But if you’re one of the many businesses looking to up your marketing spend in 2024, it’s important to know what you’re getting into. The last year brought numerous changes to the world of digital marketing, and this coming year will be no different. In this blog, we’ll look at some of the major changes that the world of digital marketing can expect in 2024.

Without further ado, let’s look at the five biggest digital marketing trends of 2024.

#1: SGE (Search Generative Experience) on Search Engines

Let’s get the big one out of the way first. 

We wrote about AI in the marketing world back in September. However, that article was mainly focused on things like using ChatGPT to write blogs – side note, when you’re pitching an article that you just used ChatGPT to write and think we can’t tell? Yes, we can – or asking it about good restaurants in the area.

This year, big search engines (at least, Google and Bing) will start rolling out their own generative AI-powered toolset, Search Generative Experience (SGE). This means that the search engines will start using AI to generate responses to search queries. 
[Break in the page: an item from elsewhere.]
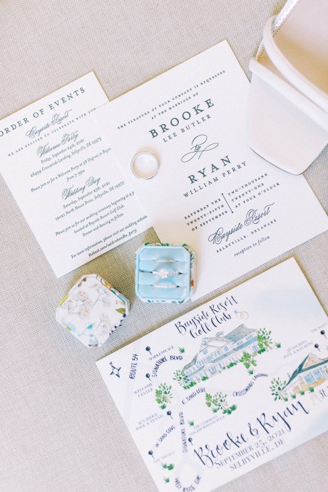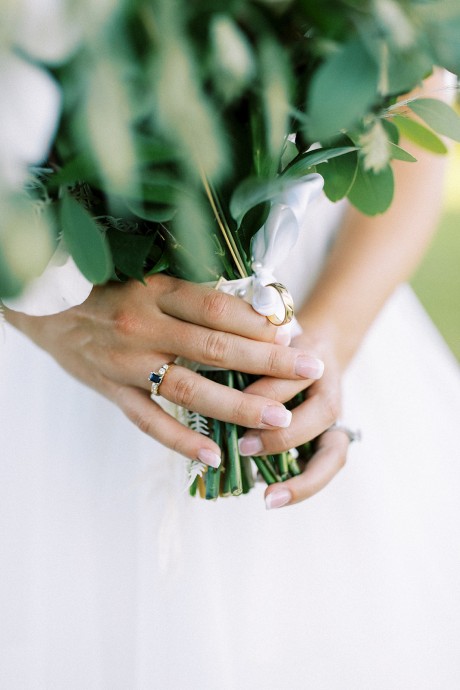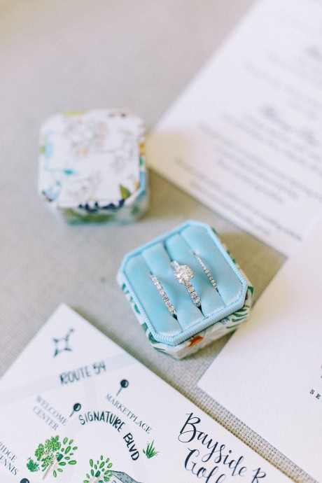 For "something old and something blue" the bride was gifted her mother's engagement ring that was made using family stones—the middle stone being sapphire.

It doesn’t take a digital marketing genius to realize that this comes with some serious potential to negatively impact website traffic. After all, if Google or Bing will be answering search queries right at the top of the search engines results page (SERP), then why on earth would anyone scroll down to the blogs and web pages you’ve spent all this time optimizing and writing to answer their questions instead? 

Let’s get this straight: SGE can, and will, negatively impact traffic for the majority of web sites. If your only understanding of SEO thus far has been “write something generic, fill it with keywords, publish and get blog traffic” then SGE will likely be a serious hit to your organic numbers. 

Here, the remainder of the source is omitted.